Write out the listing below exactly, and omit any images you find in it.
(PROVIDED MATERIAL Opens)
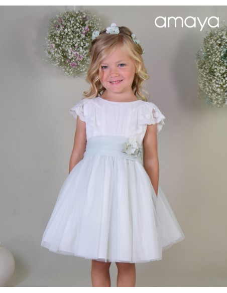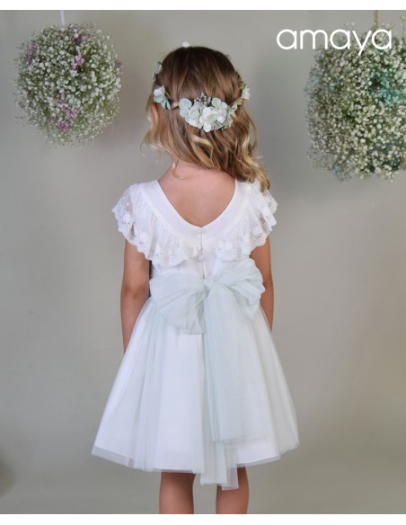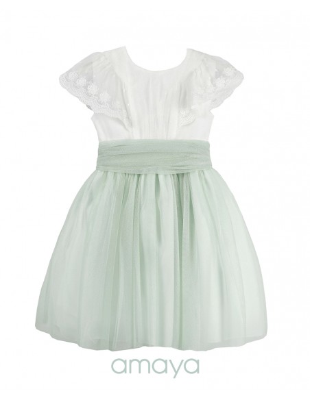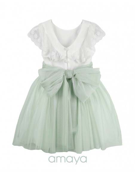 Vestido Amaya en tul con falda y lazada en verde y puntilla a lo largo del cuerpo por delante y detrás
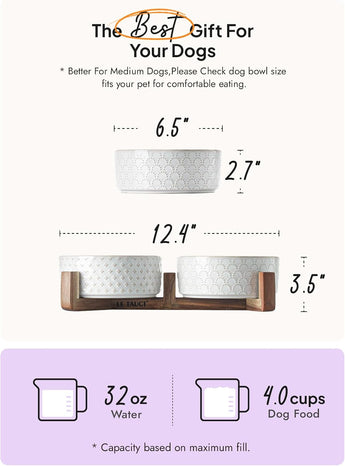 - Size And Capacity: Each single dog bowl measures 6.5" Dia and 2.7" H. It's wide enough. Normal capacity is 3 cups, limit capacity is 4 cups and it can hold 32 oz water. These wide pet bowls are suitable for small and medium sized dog and cat, puppy, kitten, rabbits, etc
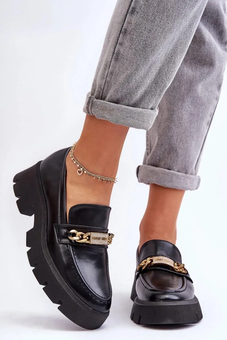 Te modne, damskie mokasyny świetnie sprawdzą się do wielu stylizacji! Osadzono je na masywnej platformie i płaskim obcasie. Mokasyny posiadają delikatnie usztywniany zapiętek oraz wkładkę z eko skóry. Na pasku z przodu znajduje się łańcuszek z ozdobną blaszką z dżetami. Koniecznie powinnaś mieć ten model! Przy wyborze rozmiaru prosimy sugerować się tabelą rozmiarów.
(PROVIDED MATERIAL Closes)
* **PROBLEM SOLUTION**
 Vestido Amaya en tul con falda y lazada en verde y puntilla a lo largo del cuerpo por delante y detrás
 - Size And Capacity: Each single dog bowl measures 6.5" Dia and 2.7" H. It's wide enough. Normal capacity is 3 cups, limit capacity is 4 cups and it can hold 32 oz water. These wide pet bowls are suitable for small and medium sized dog and cat, puppy, kitten, rabbits, etc
 Te modne, damskie mokasyny świetnie sprawdzą się do wielu stylizacji! Osadzono je na masywnej platformie i płaskim obcasie. Mokasyny posiadają delikatnie usztywniany zapiętek oraz wkładkę z eko skóry. Na pasku z przodu znajduje się łańcuszek z ozdobną blaszką z dżetami. Koniecznie powinnaś mieć ten model! Przy wyborze rozmiaru prosimy sugerować się tabelą rozmiarów.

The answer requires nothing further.